Une maison d’édition de romans policiers en Belgique, c’est comme une évidence.

La patrie de Georges Simenon et de Stanislas-André Steeman (« L’assassin habite au 21 ») n’ose pas le polar. 

Très peu de maisons d’édition belges éditent ce type de littérature – parfois juste un ouvrage perdu dans le catalogue des éditions mixtes, alors qu’elle constitue le pourcentage des ventes de livres le plus élevé.

La littérature policière ne fréquente peut-être pas les hautes sphères académiciennes, mais on la trouve dans les mains de la plupart des voyageurs et navetteurs, et sur bon nombre de tables de chevet.

Depuis nos débuts dans le monde du livre, il y a plusieurs années, ce phénomène nous a frappés. La Belgique édite peu de romans policiers et les auteurs belges du genre sont édités en France.

C’est une bonne chose puisque la littérature n’a pas de frontières.

C’est vrai et c’est faux.

Les transactions restent plus lourdes d’un pays à l’autre : peu de dépôts chez les libraires, frais de port plus importants …

Les librairies belges sont moins enclines à promouvoir un auteur belge édité en France, surtout s’il est peu ou pas connu.

Cette initiative permettra de recentrer le polar belge et de lui permettre une bonne diffusion dans ses propres régions.

 

Pourquoi ?

 

L’idée d’une maison d’édition est née des suites des difficultés rencontrées sur le chemin de la distribution d’un roman.

Les romans d’Elsa Ferini (moi, en l’occurrence), auteure belge de romans policiers, sont édités en France, chez un éditeur qui ne prend en charge ni la médiatisation ni la distribution.

Qu’à cela ne tienne, chacun d’entre nous a mis ses compétences dans la balance et s’est lancé à l’assaut du marché du livre.

La presse régionale suit avec enthousiasme chaque sortie d’un nouveau roman et les lecteurs adhèrent complètement au style d’écriture et aux suspenses successifs.

 

Le succès n’est pas loin. Mais…

 

La distribution et l’acheminement ne laissent pas beaucoup de chances à ces romans.

La maison d’édition ne fait pas de dépôts en librairies et les frais de port exorbitants ne motivent pas les libraires qui doivent rogner sur leurs marges bénéficiaires pour acheminer les romans.

Le lecteur renonce alors bien souvent à se le procurer.

 

Et ceci n’est qu’une partie des embûches rencontrées. Nous nous sommes rendu compte qu’à qualité égale, les romans n’ont pas tous les mêmes possibilités de percer.

 

La France est un marché littéraire énorme et alléchant pour un nouvel auteur, mais la plupart du temps, il s’y noie. Il sera plus facilement reconnu dans sa région, sa province, son pays, et sera armé pour les marchés européens.

 

Créer cette maison d’édition est un moyen de redresser la barre, de donner une chance à des romans ignorés par les grands de l’édition, ou sous-édités par des maisons alternatives.

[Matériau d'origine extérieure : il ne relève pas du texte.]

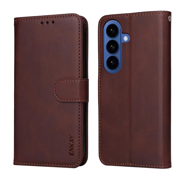 For Samsung Galaxy S26 Pro 5G ENKAY Card Wallet Calf Texture Leather Phone Case with 0.18mm High Aluminum-silicon Glass Film(Red)
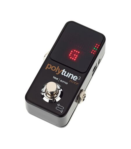 tc electronic Polytune 3 Noir; Effektpedal für E-Gitarre; Polyphonic Tuner/Buffer, Stimmgerät in Effektpedalgröße, Bonafide-Bufferschaltung erhält Ihren Ton durch lange Kabelwege und mehreren Effekten, polyphones Tuning - Stimme alle Saiten gleichzeitig, schneller chromatischer Tuner bietet 0,5 Cent Genauigkeit, ultra-präziser Strobe-Tuner bietet ± 0.02 Cent Genauigkeit, "always on" Modus bietet Tuner erkennung auch wenn der Polytune 3 nicht gemutet ist, automatische Helligkeit anpassende, Super-Helle 109-LED-Anzeige, wechselt automatisch zwischen polyphone und monophone Abstimmung; LED: Effect On; Fußschalter: On/Off/Mute; Anschlüsse: Input (6,3 mm Klinke), Output (6,3 mm Klinke), Netzadapter Anschluss (Hohlstecker Buchse 5,5 x 2,1 mm, Minuspol Innen); Stromaufnahme: 100 mA; Stromversorgung mit einem 9 V DC Netzadapter (nicht im Lieferumfang enthalten); passendes optionales Netzteil: Art. Nr. #409939; kein Batteriebetrieb; True Bypass; Abmessungen (B x T x H): 51 x 45 x 93 mm; Gewicht: 160 g; Farbe: Schwarz. ...

Le challenge est de réaliser tout cela tout en gardant une grande qualité de littérature.

 

Comment ?

 

L’édition, rien de nouveau à l’horizon. Alors quoi de neuf avec « Les Editions des Lettres Assassines » ?

Importance d’un bon départ :

Nous nous proposons de commencer par l’édition d’un roman d’un auteur qui n’est pas inconnu et dont les écrits ont plu aux lecteurs qui ont pu se les procurer.

« Après la nuit », premier roman d’une nouvelle série, a été bien accueilli par le public au niveau régional, l’année dernière. Cette valeur sûre sera rééditée et élevée au niveau national, grâce à l’expérience acquise.

La première sortie à proprement parler, est la suite : "D'angoisse et d'eau". Elle suivra le même chemin.

Cette façon de démarrer une nouvelle entreprise, avec deux romans d’un membre de l’équipe, nous aidera à faire connaître la maison d’édition sans faire prendre de risque à un nouvel auteur.

Cela nous permettra d’étoffer les contacts presse sur l’entièreté du pays et de nous allier les libraires souvent démotivés en généralisant les dépôts sans obligations d’achat, la distribution de supports promotionnels et les possibilités de séances de dédicaces.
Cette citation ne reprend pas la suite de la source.